| Data to examine |
⁂

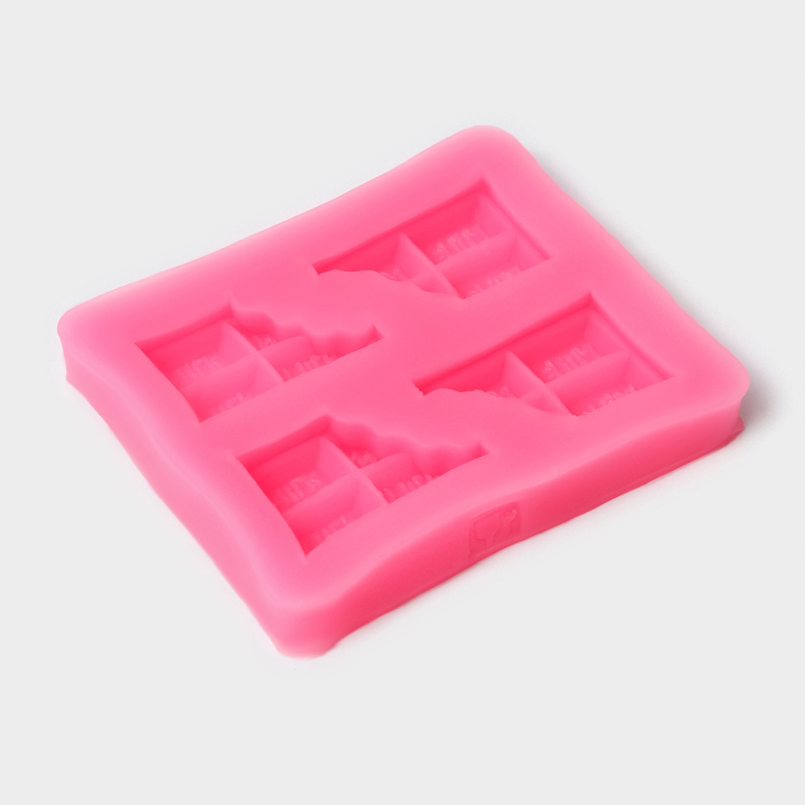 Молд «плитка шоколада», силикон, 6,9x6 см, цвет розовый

⁂

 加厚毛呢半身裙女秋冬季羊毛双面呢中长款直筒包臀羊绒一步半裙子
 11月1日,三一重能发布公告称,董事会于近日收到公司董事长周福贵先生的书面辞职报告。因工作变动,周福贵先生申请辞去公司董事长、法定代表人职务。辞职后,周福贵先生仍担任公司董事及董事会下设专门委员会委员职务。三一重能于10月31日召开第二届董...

⁂

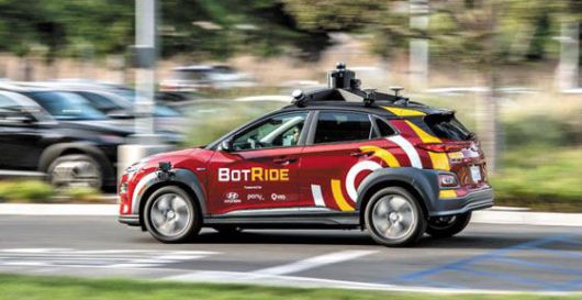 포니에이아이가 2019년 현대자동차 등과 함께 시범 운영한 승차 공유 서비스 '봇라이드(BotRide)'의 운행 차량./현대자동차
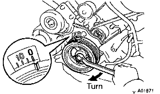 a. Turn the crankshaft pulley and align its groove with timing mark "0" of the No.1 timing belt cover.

⁂

Reproduce, exactly as they stand in the data above, the lines from the one that holds "加厚毛呢半身裙女秋冬季羊毛双面呢中长款直筒包臀羊绒一步半裙子" to the one that holds "11月1日,三一重能发布公告", inclusive.

| Worked solution |
 加厚毛呢半身裙女秋冬季羊毛双面呢中长款直筒包臀羊绒一步半裙子
 11月1日,三一重能发布公告称,董事会于近日收到公司董事长周福贵先生的书面辞职报告。因工作变动,周福贵先生申请辞去公司董事长、法定代表人职务。辞职后,周福贵先生仍担任公司董事及董事会下设专门委员会委员职务。三一重能于10月31日召开第二届董...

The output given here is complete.